_DATA EXCERPTS_
------
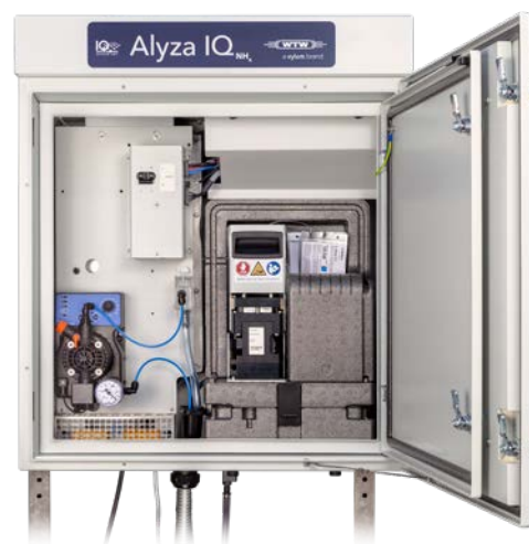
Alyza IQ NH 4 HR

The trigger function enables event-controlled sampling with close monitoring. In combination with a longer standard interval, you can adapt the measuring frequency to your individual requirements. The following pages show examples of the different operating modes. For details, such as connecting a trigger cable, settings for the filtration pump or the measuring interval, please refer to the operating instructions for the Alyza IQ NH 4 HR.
------
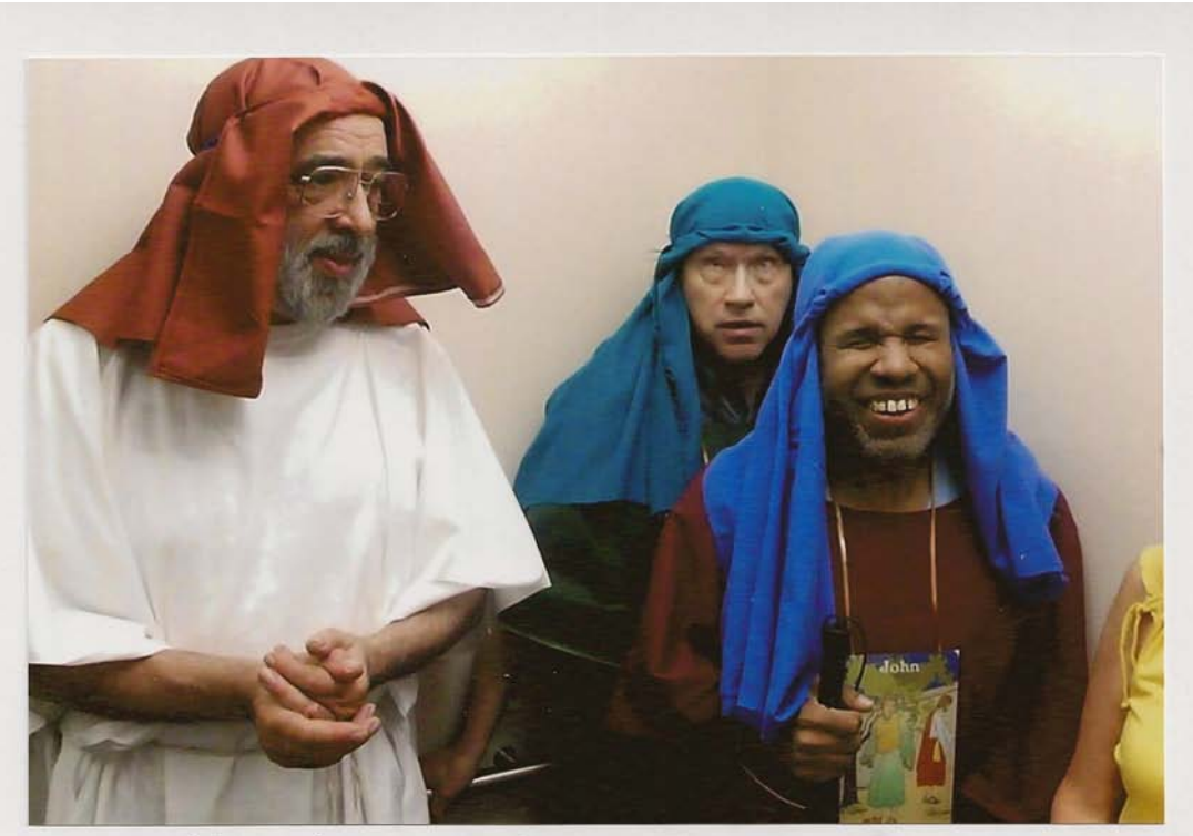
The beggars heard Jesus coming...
------
_WHAT YOU ARE ASKED TO DO_
Search the listing for "Alyza" and copy each line holding it.

_SOLUTION TO THIS PROBLEM_
Alyza IQ NH 4 HR
The trigger function enables event-controlled sampling with close monitoring. In combination with a longer standard interval, you can adapt the measuring frequency to your individual requirements. The following pages show examples of the different operating modes. For details, such as connecting a trigger cable, settings for the filtration pump or the measuring interval, please refer to the operating instructions for the Alyza IQ NH 4 HR.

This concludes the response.